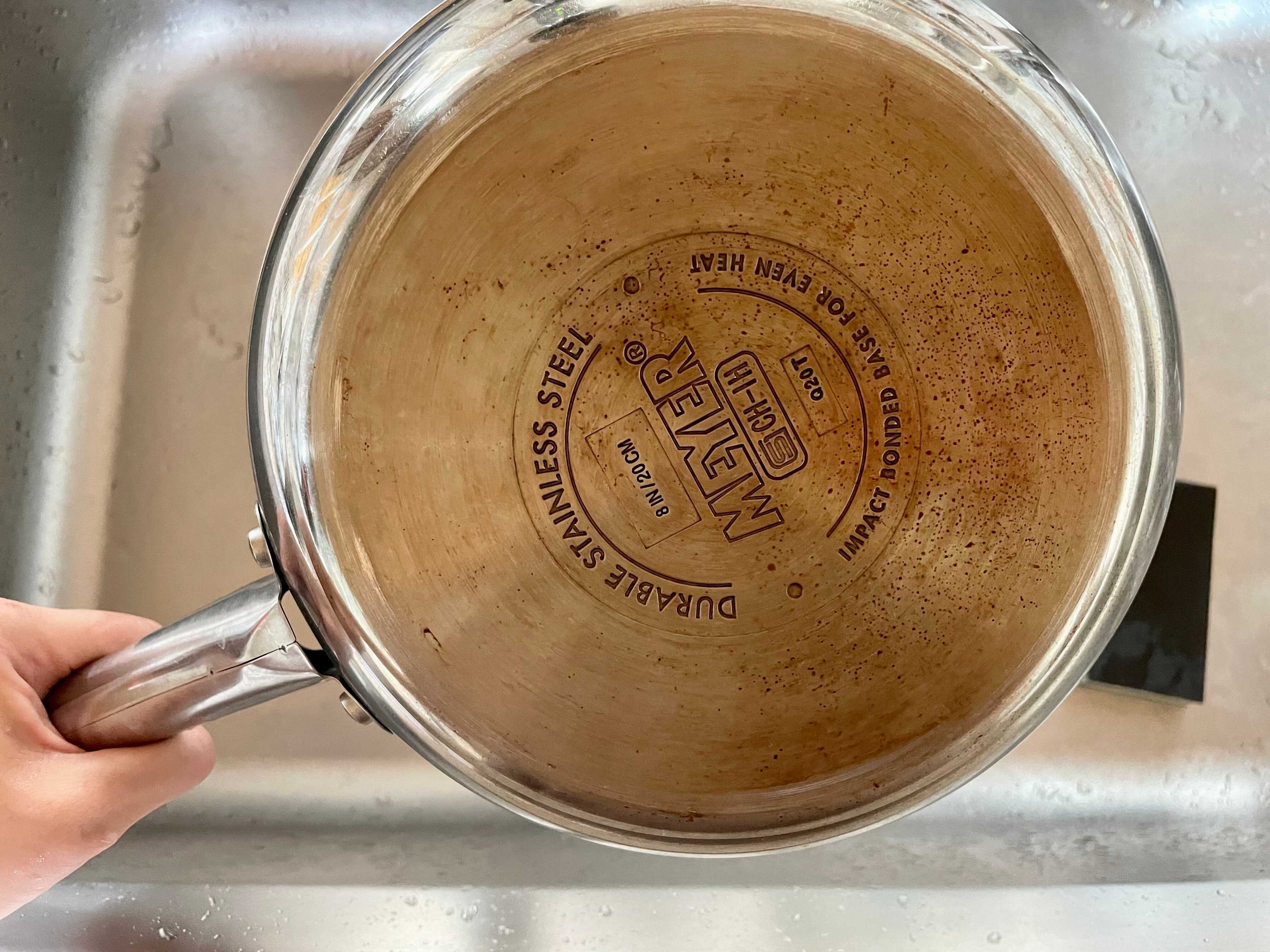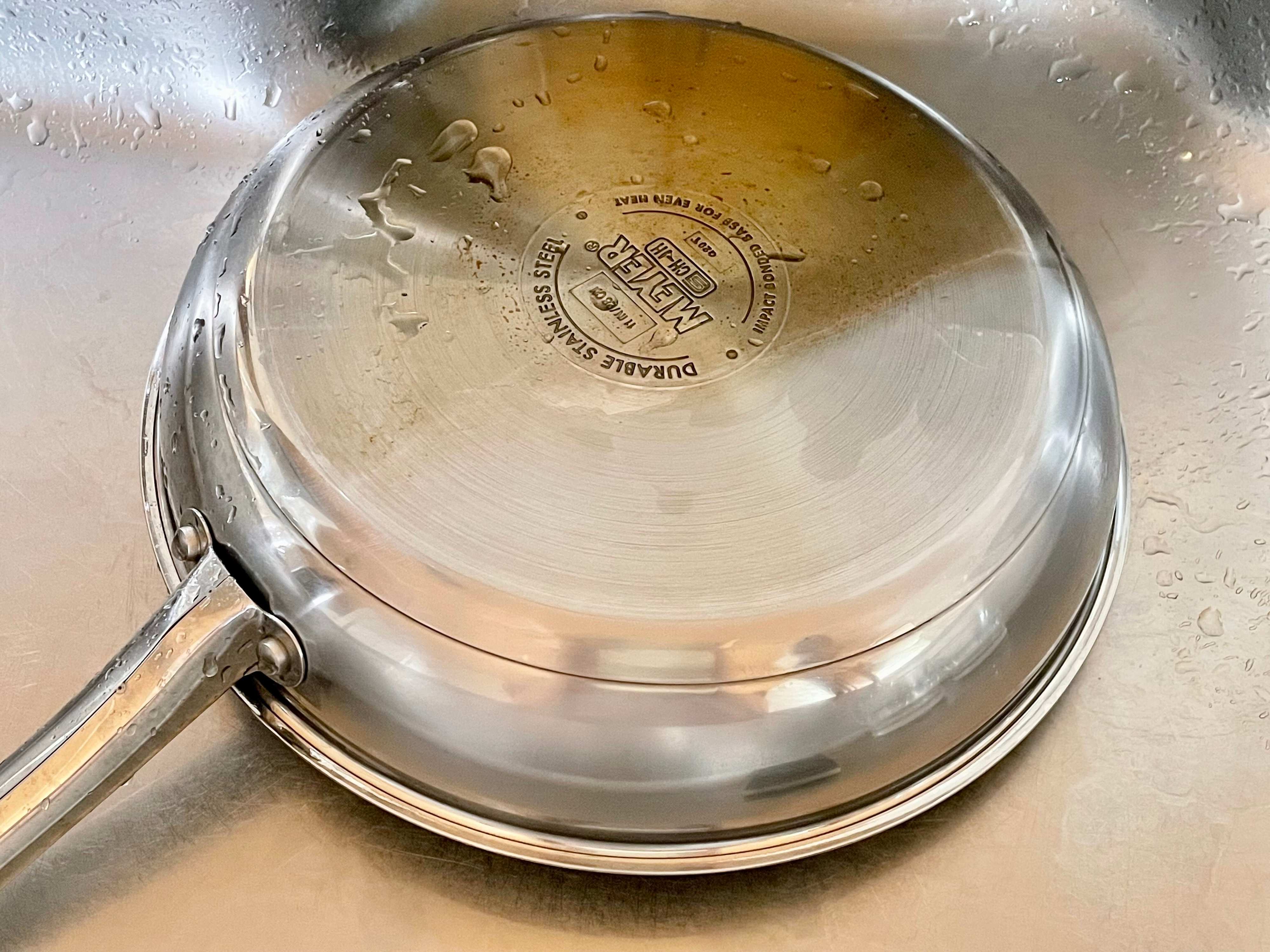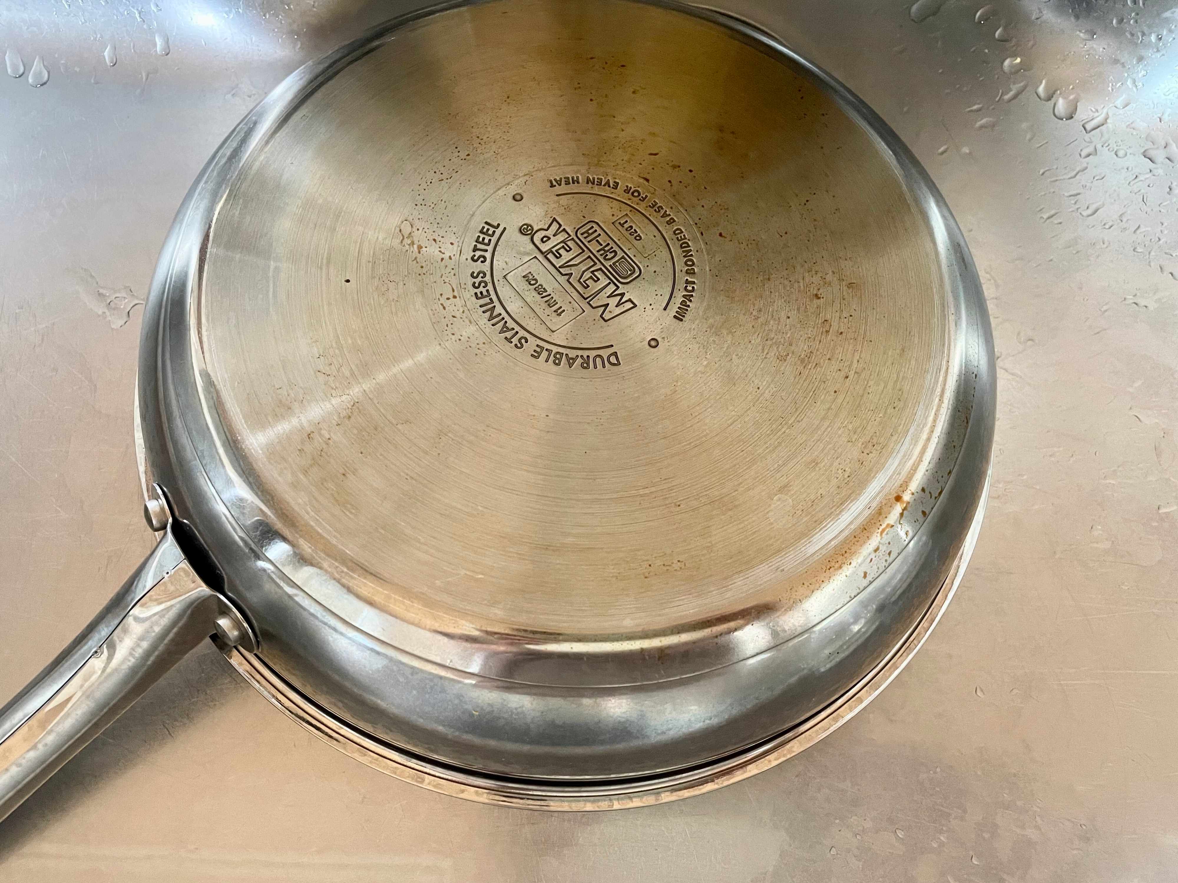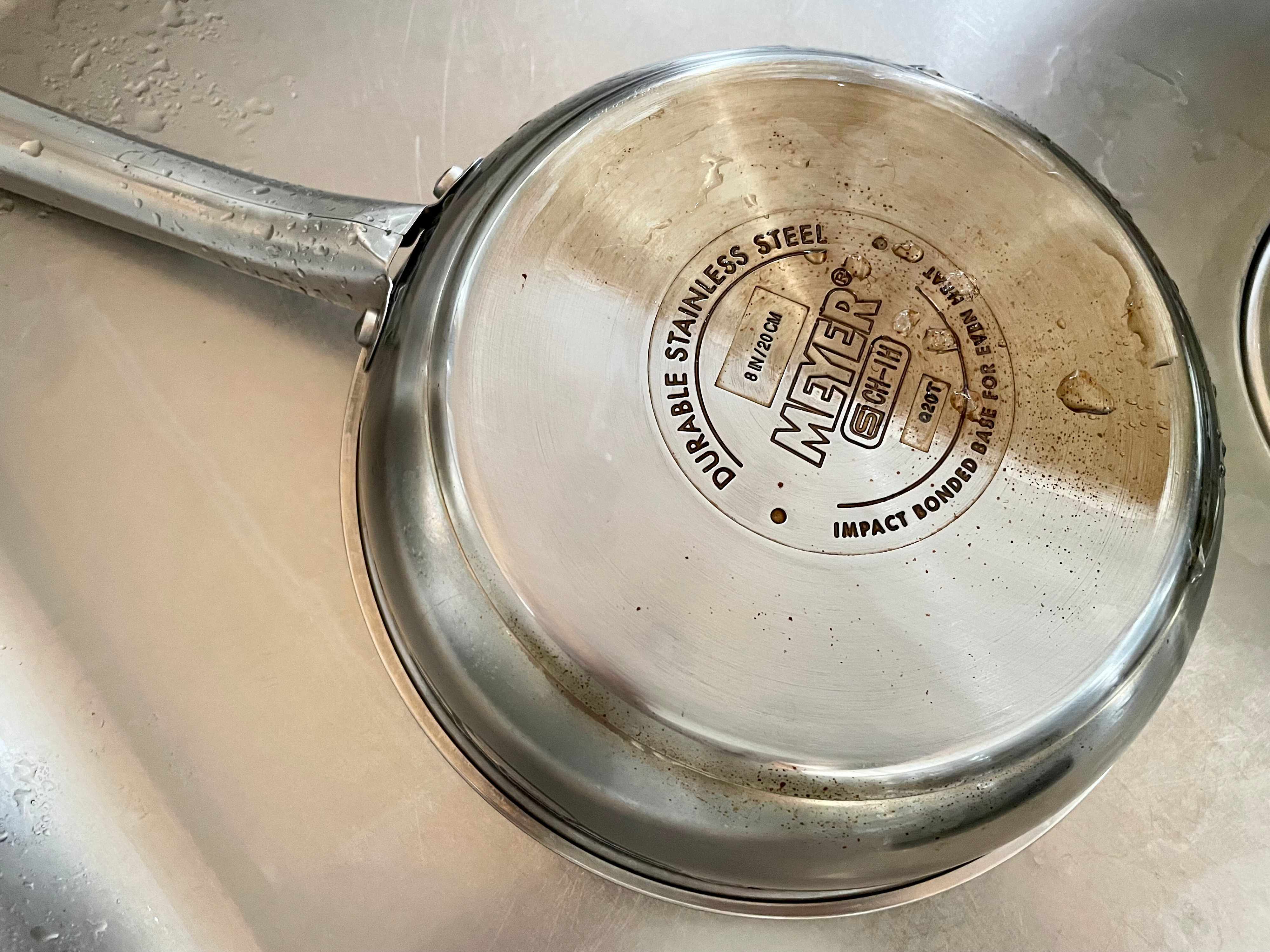 水だけで簡単に落ちるステンレス鍋みがき。小さなキズはついてしまうものの、フライパン裏なので私は全然気にならない!
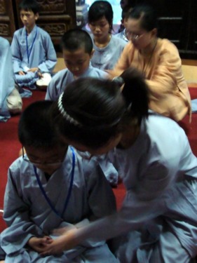 Quý thầy hướng dẫn các em ngồi Thiền
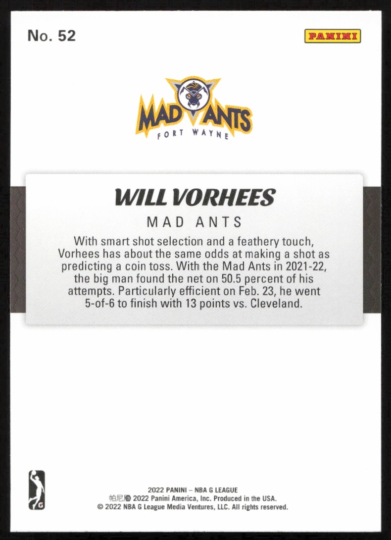 This BasketballΒ card, from 2021-22 is part of the Panini NBA G LeagueΒ card set. Will Vorhees is featured and has a card number of 52.
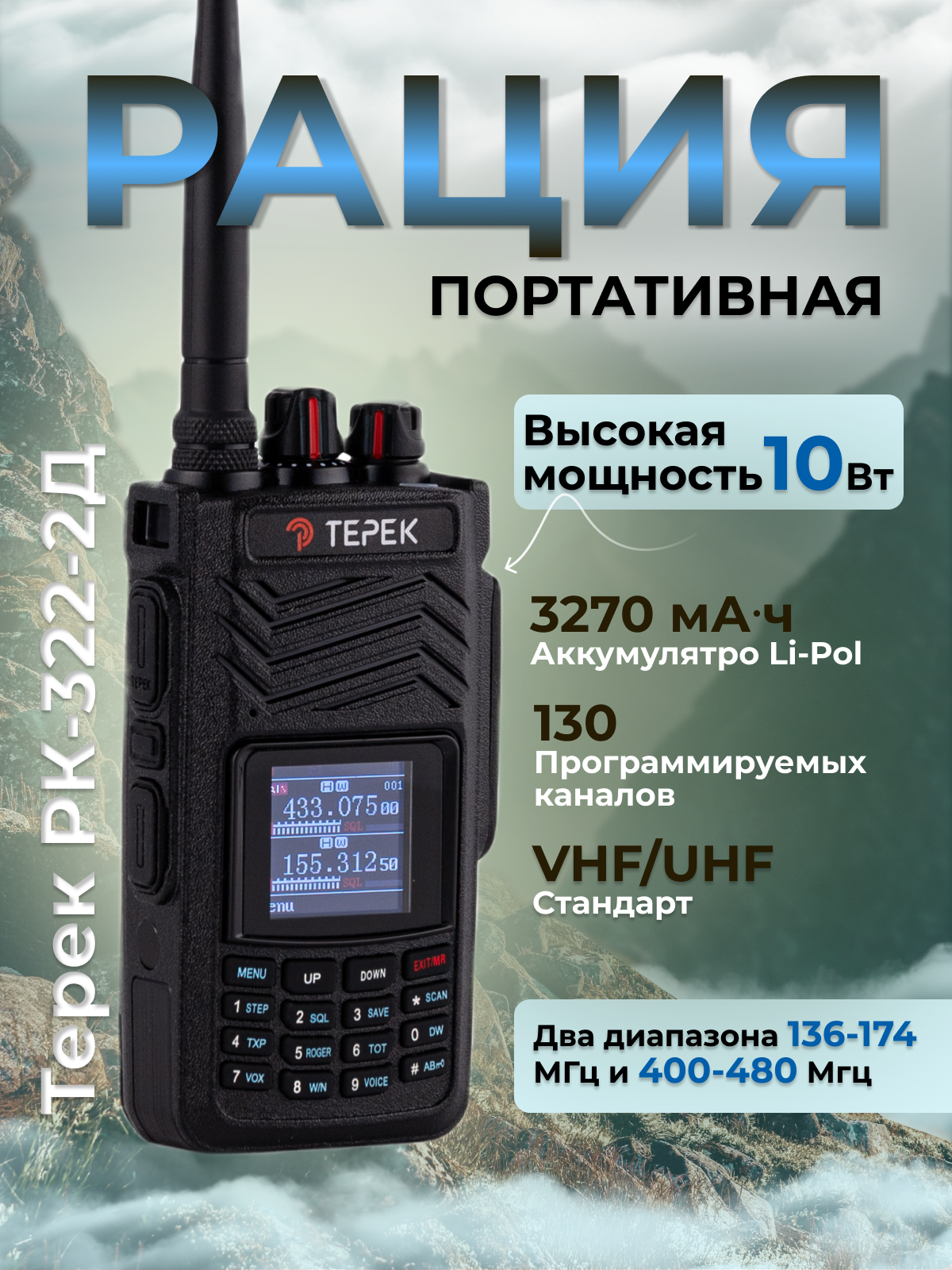 Купить Рация Терек РК-322-2Д, Двухдиапазонная (136-174/400-480 МГц), 10 Вт, 130 каналов
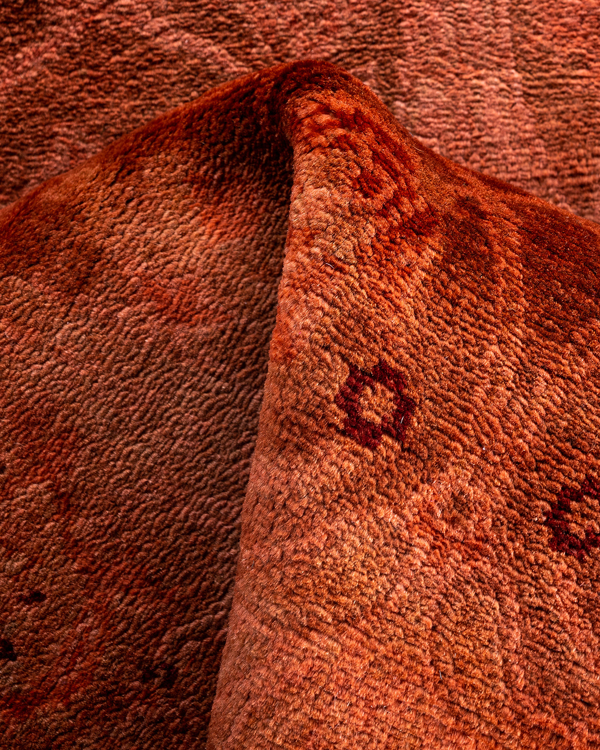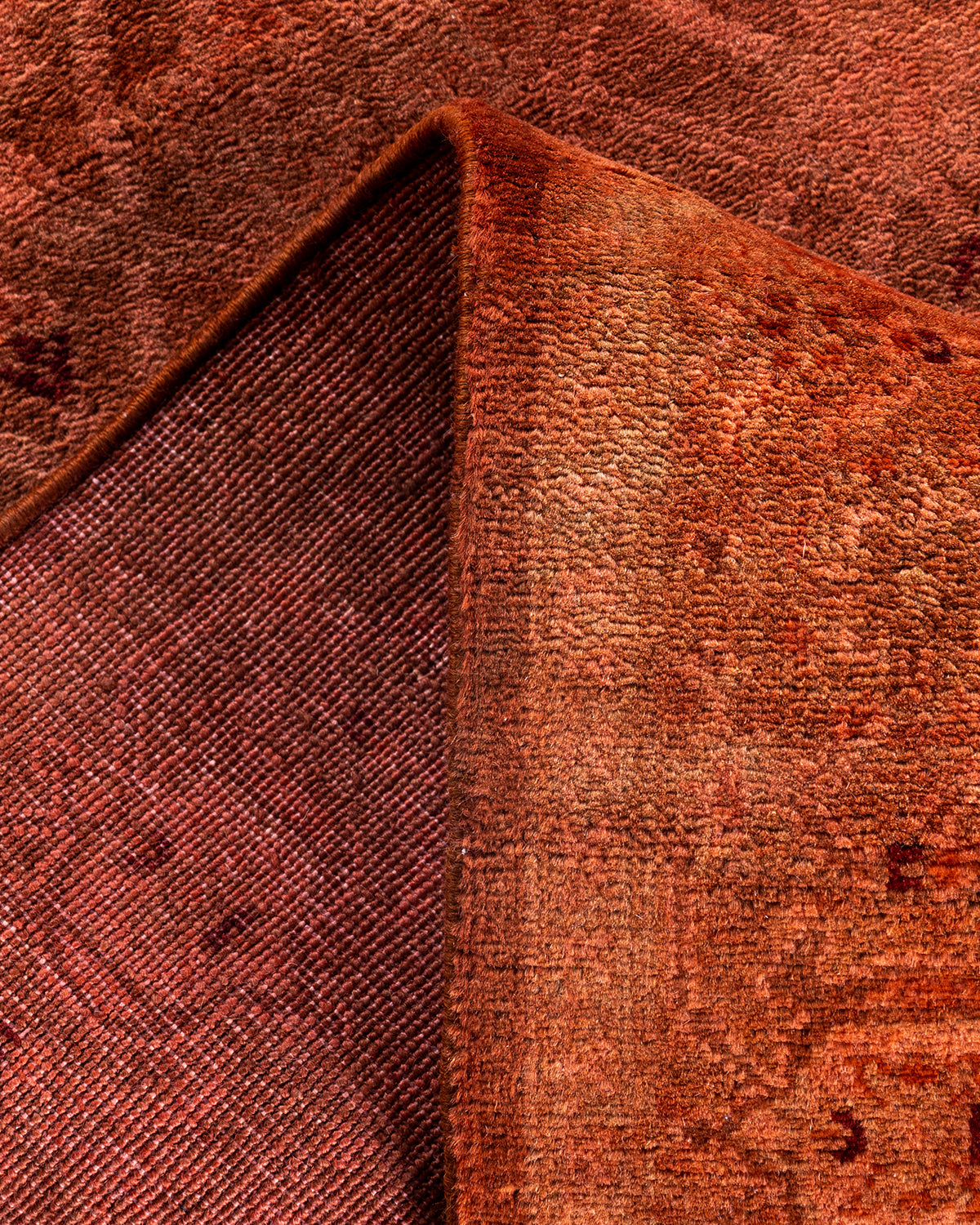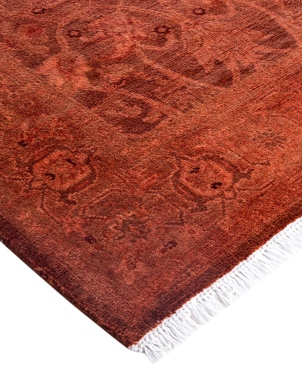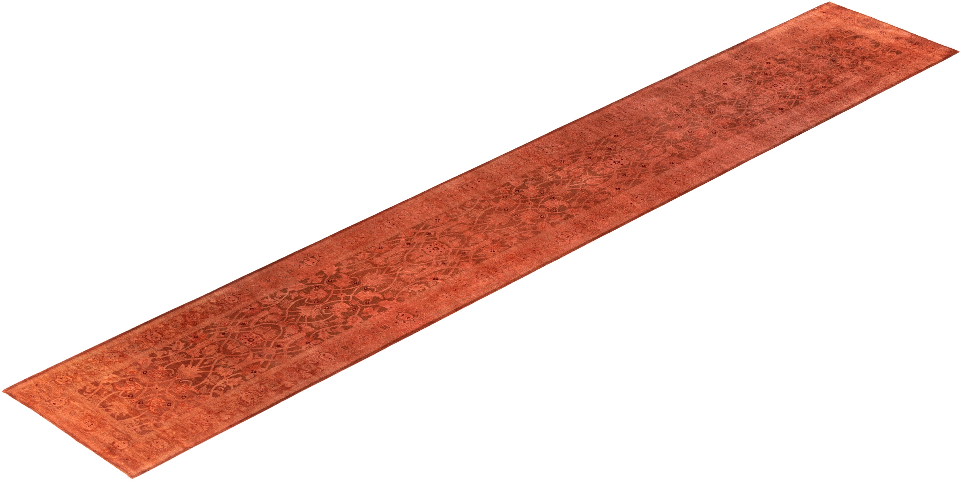 Contemporary Hand-Knotted Overdyed Orange Runner 2' 6" x 16' 4"
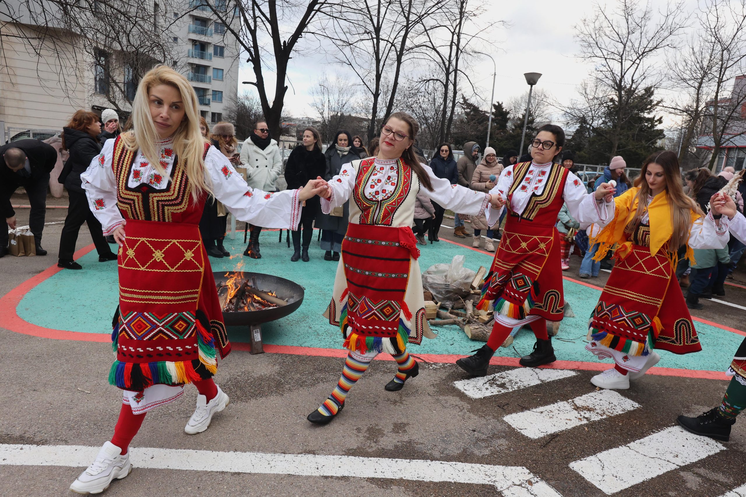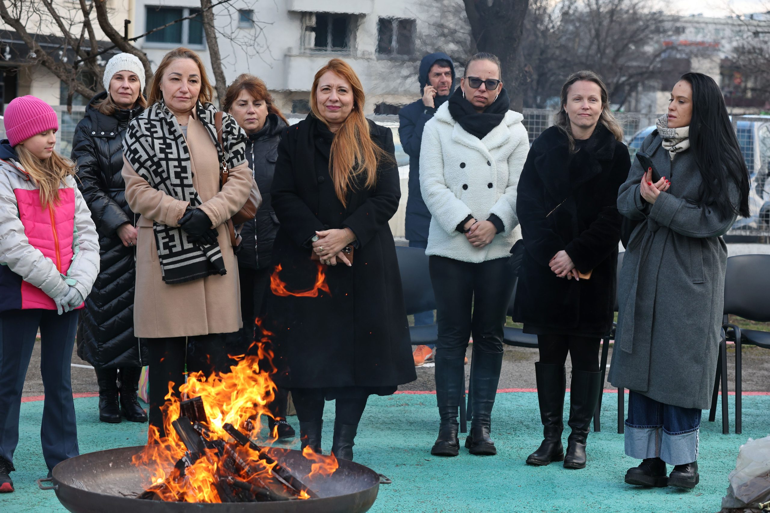 Децата от IVГ група с ръководители Александра Апостолова и Евгения Николова направиха кратка възстановка на празника със символиката на даването и искането на прошка. След това всички спазиха традицията и прескочиха специално създаден за възстановката огън. А около истинския огън в средата на сградата учителите, начело с директора Калина Иванова, изиграха хоро и си пожелаха много здрава и спорна година, изпълнена с повече добрини.

• _What is required_: Restate each entry verbatim and skip every image.

• _Written solution_:
 水だけで簡単に落ちるステンレス鍋みがき。小さなキズはついてしまうものの、フライパン裏なので私は全然気にならない!
 Quý thầy hướng dẫn các em ngồi Thiền
 This BasketballΒ card, from 2021-22 is part of the Panini NBA G LeagueΒ card set. Will Vorhees is featured and has a card number of 52.
 Купить Рация Терек РК-322-2Д, Двухдиапазонная (136-174/400-480 МГц), 10 Вт, 130 каналов
 Contemporary Hand-Knotted Overdyed Orange Runner 2' 6" x 16' 4"
 Децата от IVГ група с ръководители Александра Апостолова и Евгения Николова направиха кратка възстановка на празника със символиката на даването и искането на прошка. След това всички спазиха традицията и прескочиха специално създаден за възстановката огън. А около истинския огън в средата на сградата учителите, начело с директора Калина Иванова, изиграха хоро и си пожелаха много здрава и спорна година, изпълнена с повече добрини.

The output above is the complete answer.